> _To do_:
An exact copy of the data is required, with no pictures in it.

> _The data_:

§ §

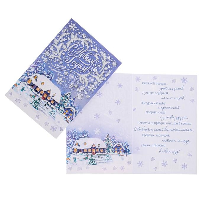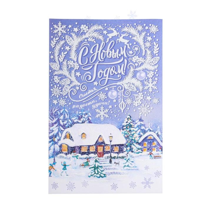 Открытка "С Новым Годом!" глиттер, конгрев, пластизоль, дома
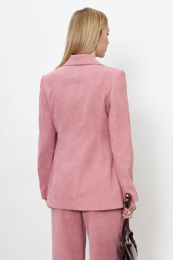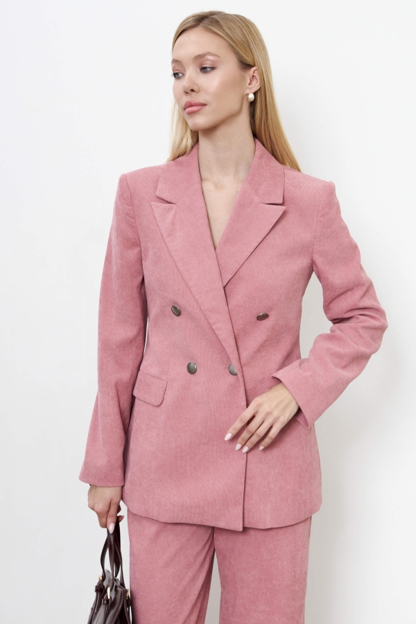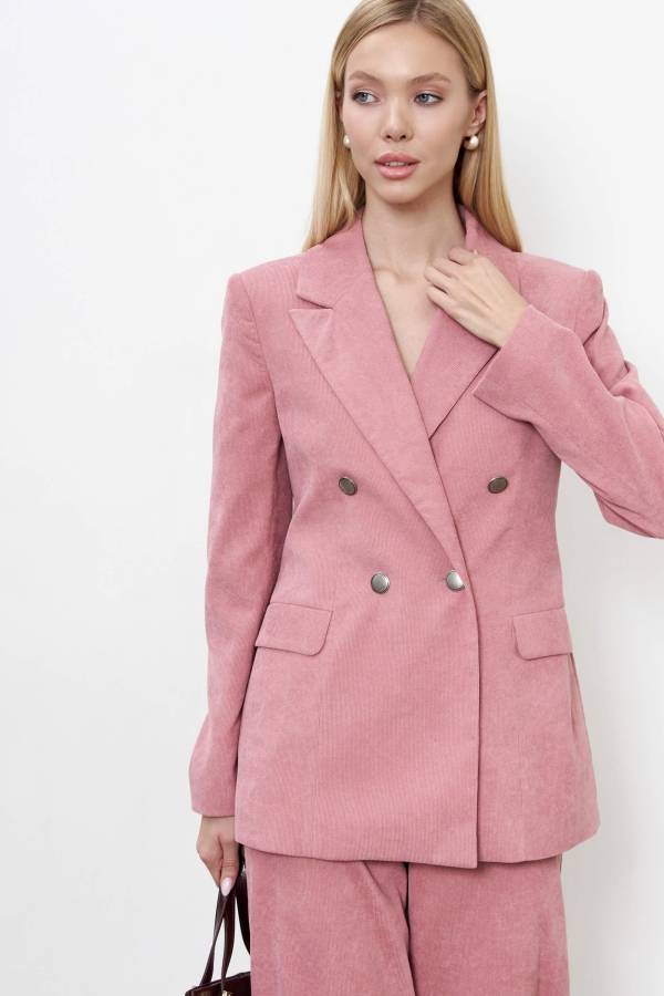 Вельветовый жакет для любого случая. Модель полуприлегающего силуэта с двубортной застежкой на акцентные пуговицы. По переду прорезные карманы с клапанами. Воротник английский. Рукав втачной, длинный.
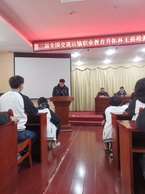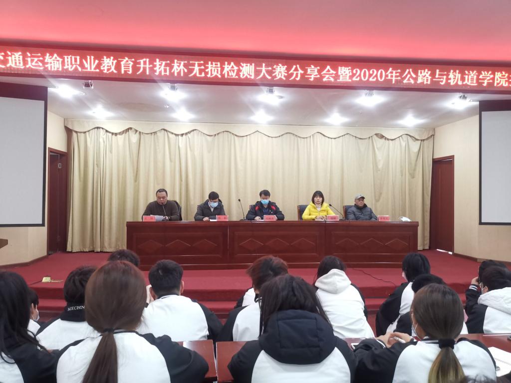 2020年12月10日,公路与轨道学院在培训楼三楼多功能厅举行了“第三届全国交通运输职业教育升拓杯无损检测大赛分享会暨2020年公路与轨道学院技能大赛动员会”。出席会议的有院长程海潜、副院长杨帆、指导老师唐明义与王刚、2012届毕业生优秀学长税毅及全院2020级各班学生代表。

§ §

> _Answer section_:
 Открытка "С Новым Годом!" глиттер, конгрев, пластизоль, дома
 Вельветовый жакет для любого случая. Модель полуприлегающего силуэта с двубортной застежкой на акцентные пуговицы. По переду прорезные карманы с клапанами. Воротник английский. Рукав втачной, длинный.
 2020年12月10日,公路与轨道学院在培训楼三楼多功能厅举行了“第三届全国交通运输职业教育升拓杯无损检测大赛分享会暨2020年公路与轨道学院技能大赛动员会”。出席会议的有院长程海潜、副院长杨帆、指导老师唐明义与王刚、2012届毕业生优秀学长税毅及全院2020级各班学生代表。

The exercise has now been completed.